I recently heard of a person who is irate about the aches, pains, pace, and indignities of old age. She’s irate around the clock. “Why didn’t someone tell me this would happen?” It’s like old age snuck up and caught her unawares.
At times I too find myself disenchanted with the realities of growing old. Still, I find it hard to understand how anyone can be surprised by the challenges, whatever they are. Just pay attention to what’s going on around you. Also, remember that we get a birth certificate, not a warranty.
Last week a lady took her mother to check out a senior citizen living facility. They were given a complimentary lunch in the dining room, where they listened in as residents chatted at nearby tables.
A female employee says to one of the men, “Good noontime, blue eyes. What can I get ya?” He says, “Better bring me the fruit plate. I’m so constipated my eyes are turning color.”
A woman at a table says to another, “Did you see Murray’s comb-over? Do you think it’s because he has a thing with Alice?” The other lady gestures with her hand and says, “No, she’s with Charlie.”…“Oh, but didn’t you hear? Charlie fell and broke his hip. He’s at rehab for a couple more weeks.”
Three other women sit at a table waiting for their fourth tablemate, Harriet. “I bet Harriet’s lost her eye again. I keep telling her not to take it out.” Another says, “She needs to be more careful. If she keeps forgetting things, they’ll move her to the memory unit.”
The two visiting women notice another woman sitting by herself at a table. The daughter asks, “Are your tablemates late also?”… She answers, “The late Oliver Smith and the late Sally Freestone. Oliver died two weeks ago as was expected from cancer. Sally died several days ago unexpectedly from the flu. They’re wheeling ‘em out of here right and left.”

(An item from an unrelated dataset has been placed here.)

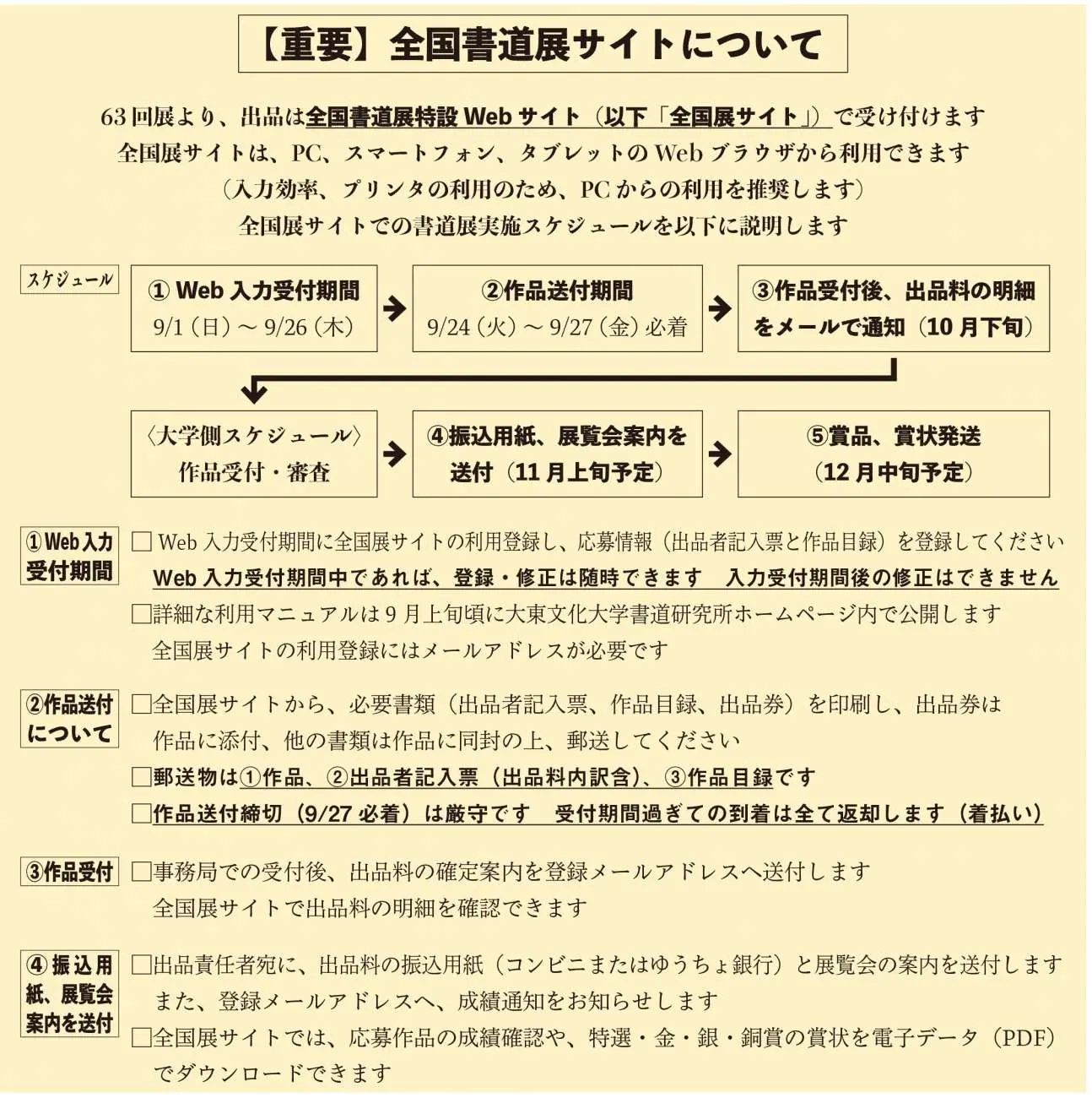 Web上にて出品応募情報を入力後に作品を送っていただく方法になります。当事務局での入力代行は行っておりません。また、紙での「出品者記入票」、「出品目録(半紙、条幅)」、「出品券」は用意していません。全てWeb入力です。Webサイト情報をよくご確認の上、ご応募ください。

As it turned out, the mom visiting the facility with her daughter refused to move in. Imagine that. My point, though, is this: just pay attention to what’s going on with others and the aches, pains, pace, and indignities of old age won’t catch you off guard.

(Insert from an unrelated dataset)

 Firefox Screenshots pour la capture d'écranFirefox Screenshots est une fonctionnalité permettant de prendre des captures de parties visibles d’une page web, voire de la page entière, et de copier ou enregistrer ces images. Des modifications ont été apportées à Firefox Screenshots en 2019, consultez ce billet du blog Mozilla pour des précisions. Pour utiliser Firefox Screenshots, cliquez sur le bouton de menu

I will have to admit that in spite of my above good advice, crepey skin has snuck up on me. None of us remain eternally vigilant. In fact, I thought the people on TV were spokespersons for “crappy skin” or “creepy skin”, both of which are rather common as we age. My hearing isn’t what it used to be. But then an infomercial came on while I was watching an old movie, and “crepey skin” was clearly printed on the screen. Since then I’ve been enthralled.
What a great name! Sometimes you need to be able to name it before you recognize you even have it. And since then I find that I have it in abundance. I look at the inside of my upper arm or around my bent knee or on the back of my hands and say, “I did that? Cool!” It would take an artist or a woodcarver a long time to paint a picture or carve a statue of a person with crepey skin. It has to be valuable.

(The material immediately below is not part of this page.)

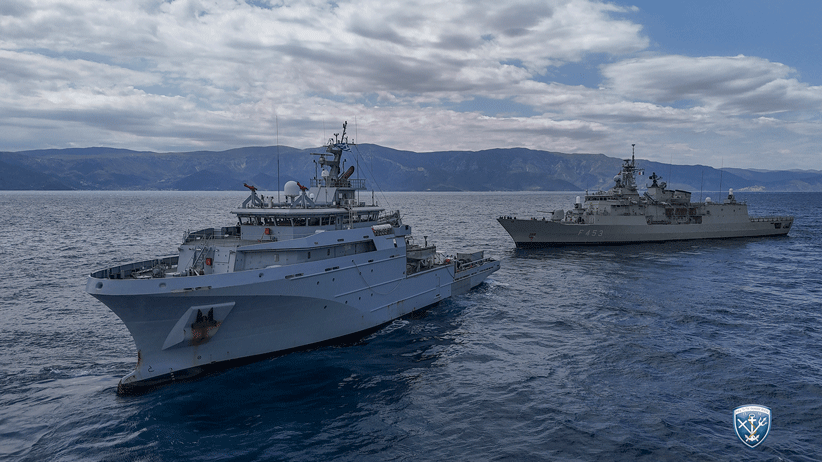 On Tuesday, April 29, 2025, a joint PASSEX (Passing Exercise) training of the Frigate (F/G) SPETSAI was conducted with the General Support Ship (GSS) SEINE of the French Navy.

This is just me, of course. I can understand that women are less than pleased with it, actually incensed by it. But I remember dances and proms from high school, even junior high. We couldn’t have a dance without decorating with crepe paper. It was unheard of. And how could you have a 4th of July parade without kids riding bicycles with red, white, and blue crepe paper winding through the spokes? The word “crepe” connotes for me fun times and fancy pancakes.
In my mind’s eye, I envision waste-not-want-not cannibals decorating for their proms with crepey skin. Also Elmer Fudd saying to Bugs Bunny, “I’m gonna get you, you cwepey-skinned, wascally wabbit!” (Of course, Elmer is wrong. Rabbits don’t have crepey skin. They have oily hare.) I haven’t had so much fun focusing on my skin since I learned that heartbreak doesn’t necessarily accompany psoriasis.
What really amuses me about crepey skin, or any skin problem at all, are the compensated spokespersons. Jane Seymour, 66, is the spokesperson for Crepe Erase. She claims to use the product, which erases crepey skin like a #2 pencil erases a mistake, I suppose, and I’ll have to say that she does add a bit of authority to the sales pitch. After all, she used to be Dr. Quinn, Medicine Woman. But I’m not sure I find her credible. I’m not saying that she is, but she certainly could be, so full of botox that mosquitoes die when they bite her. That’s why many of these spokespersons for skin conditions look so good. Botox and having a plastic surgeon on retainer. It’s also why many spokespersons and celebrities look so bad.
So, saying that Crepe Erase will remove the crepe from your “Age-Giveaway Zones” – neck, cleavage, arms, knees, legs, face – is hard for me to believe. Warning: it could be a risk of $39.95 plus tax and shipping. But what’s a person to do?
I know what I’m going to do. I figure that I’m carrying the equivalent in crepey skin of at least a couple of rolls of crepe paper, so I’m going to help decorate the next dance at the senior citizen center with my presence.